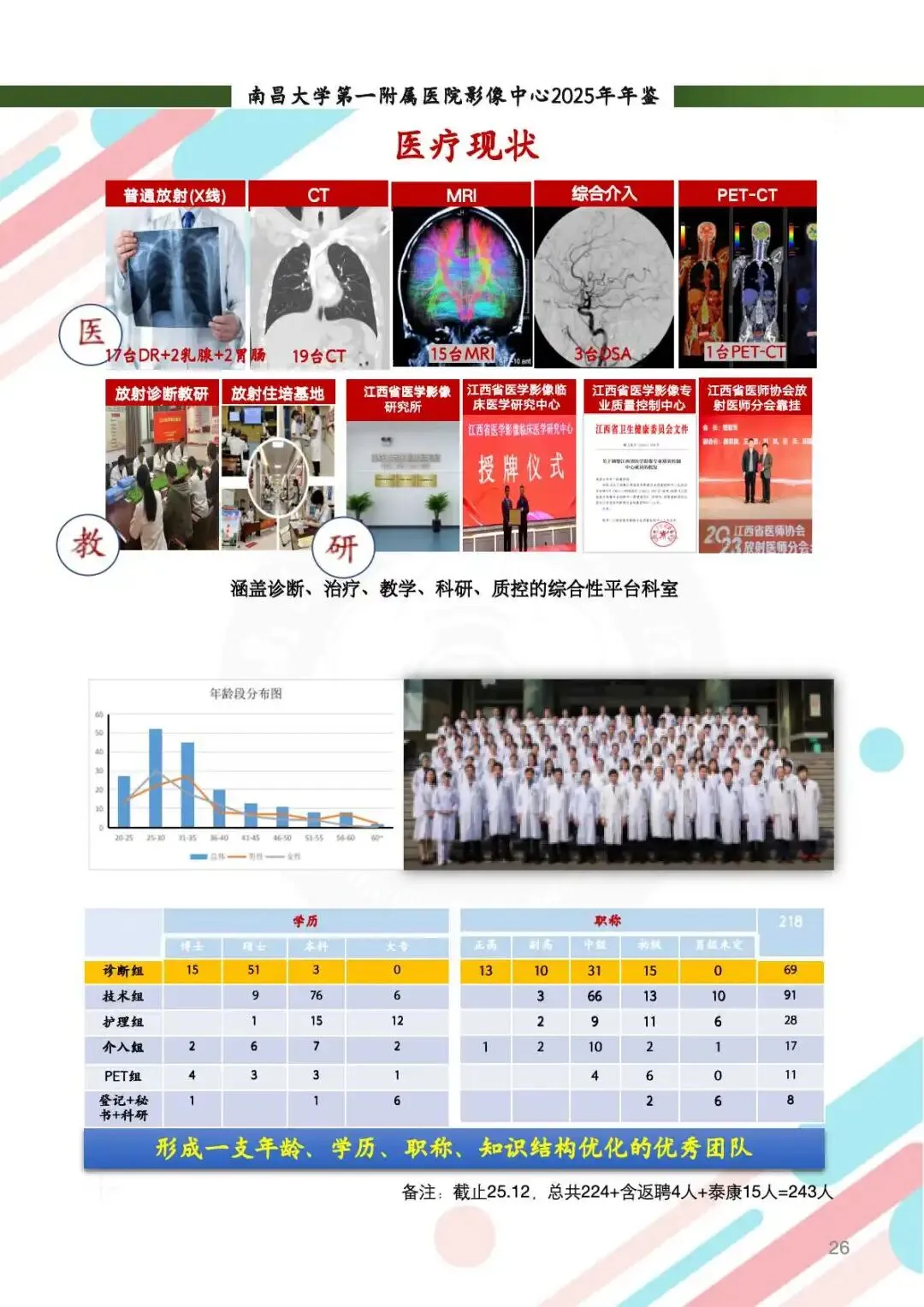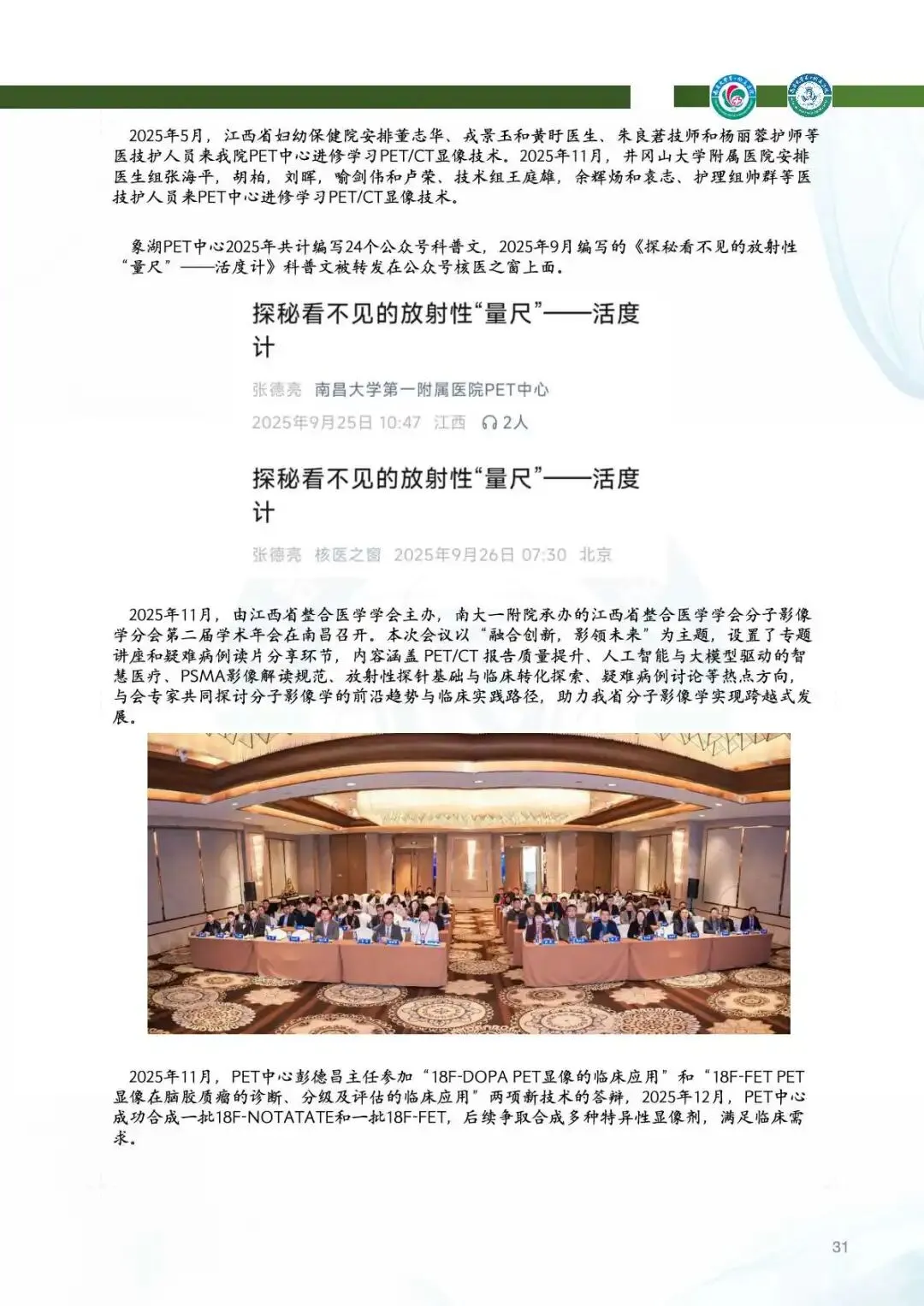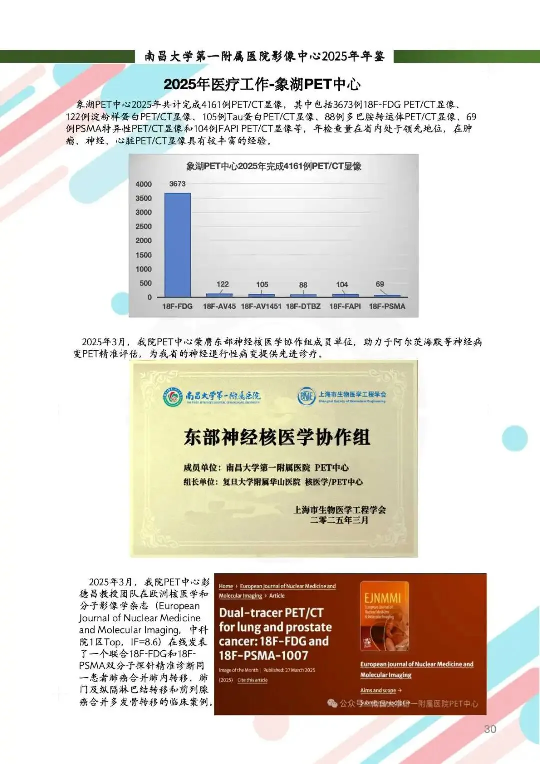 科研产出:新增多项课题,SCI论文发表30余篇,影响因子突破12.4,获批实用新型专利1项、软件著作权14项。PET中心首现18F-FDG、18F-PSMA双分子探针联合诊断方案,创新神经与肿瘤影像研究。科研团队连续受邀参与全国学术会议,成果惠及区域医疗发展。
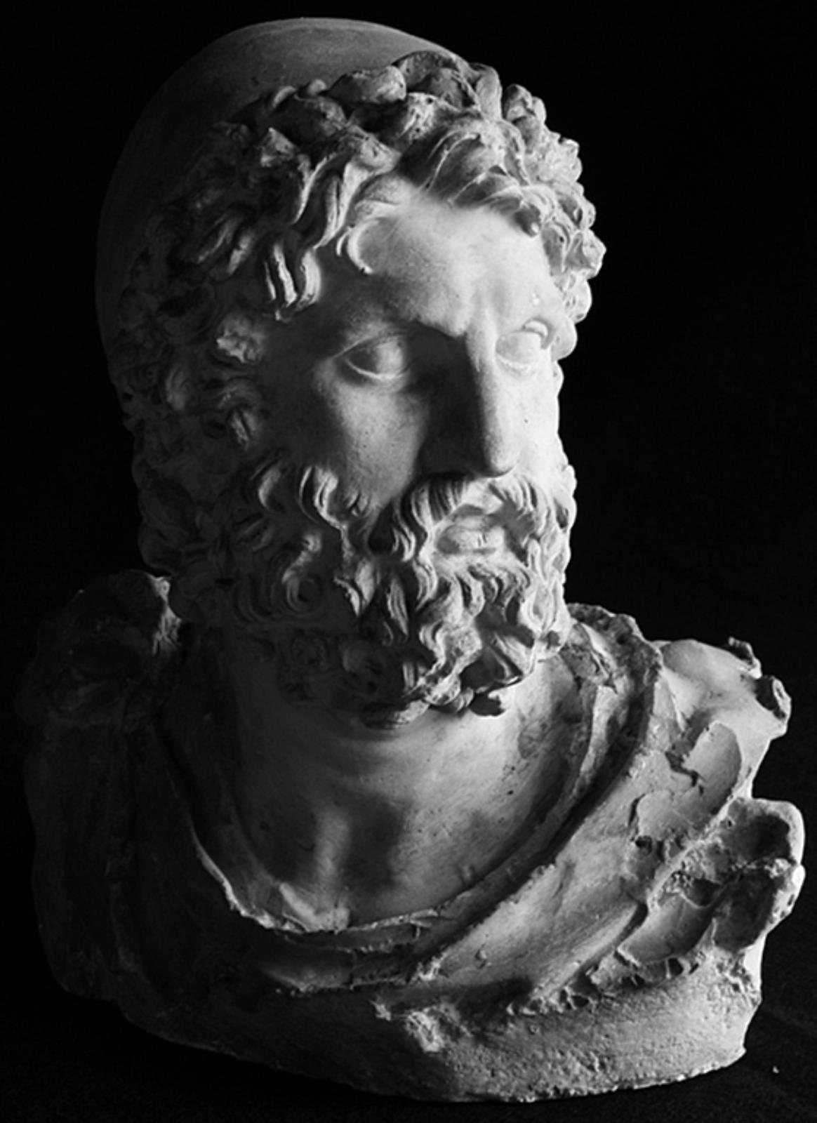 Buste fra statue. Odysseus med hovedet med pilos drejet mod sin venstre
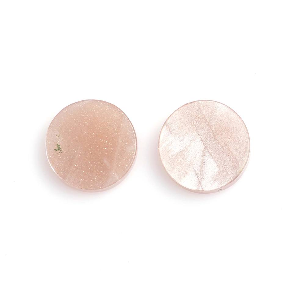 พลอยมูนสโตนสีพีชธรรมชาติ ขนาด 12 มม. รูปทรงเหรียญเรียบ ทั้งสองด้าน สำหรับทำเครื่องประดับและบำบัดพลังงาน
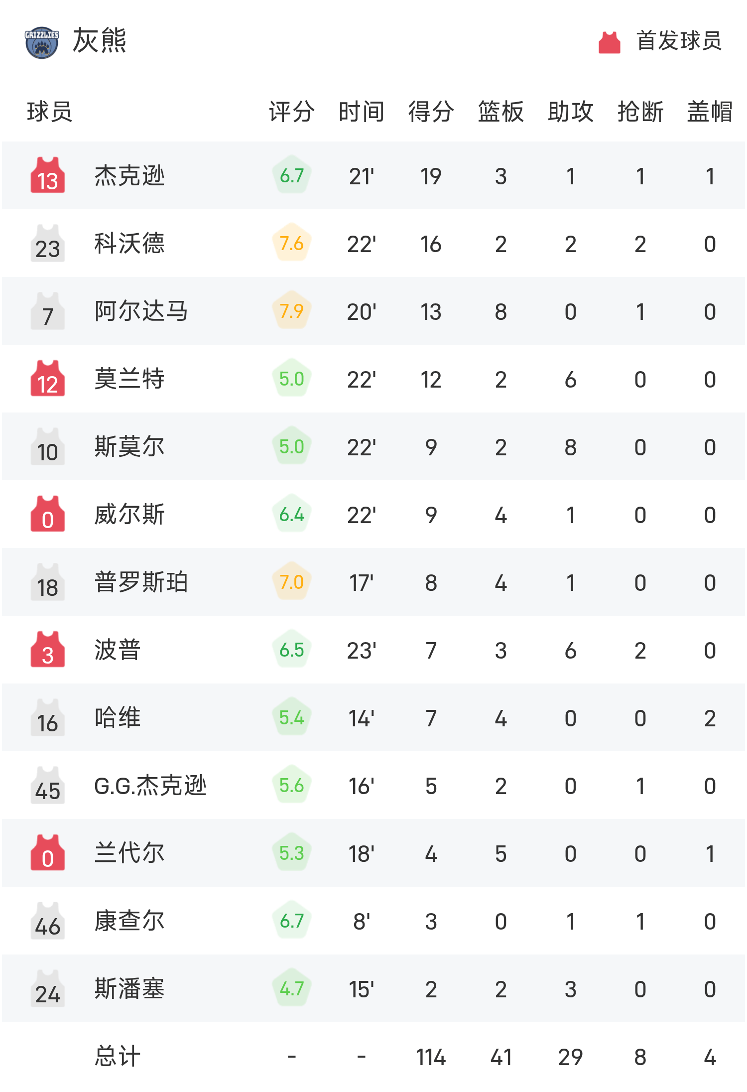 球员数据 查看更多
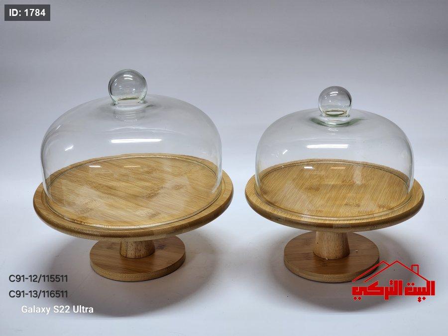جاط كيك خشب مع قاعدة غطاء زجاج

.....

**Exercise brief:**
An exact restatement of every record is required. Omit the images.

**Written answer:**
 科研产出:新增多项课题,SCI论文发表30余篇,影响因子突破12.4,获批实用新型专利1项、软件著作权14项。PET中心首现18F-FDG、18F-PSMA双分子探针联合诊断方案,创新神经与肿瘤影像研究。科研团队连续受邀参与全国学术会议,成果惠及区域医疗发展。
 Buste fra statue. Odysseus med hovedet med pilos drejet mod sin venstre
 พลอยมูนสโตนสีพีชธรรมชาติ ขนาด 12 มม. รูปทรงเหรียญเรียบ ทั้งสองด้าน สำหรับทำเครื่องประดับและบำบัดพลังงาน
 球员数据 查看更多
جاط كيك خشب مع قاعدة غطاء زجاج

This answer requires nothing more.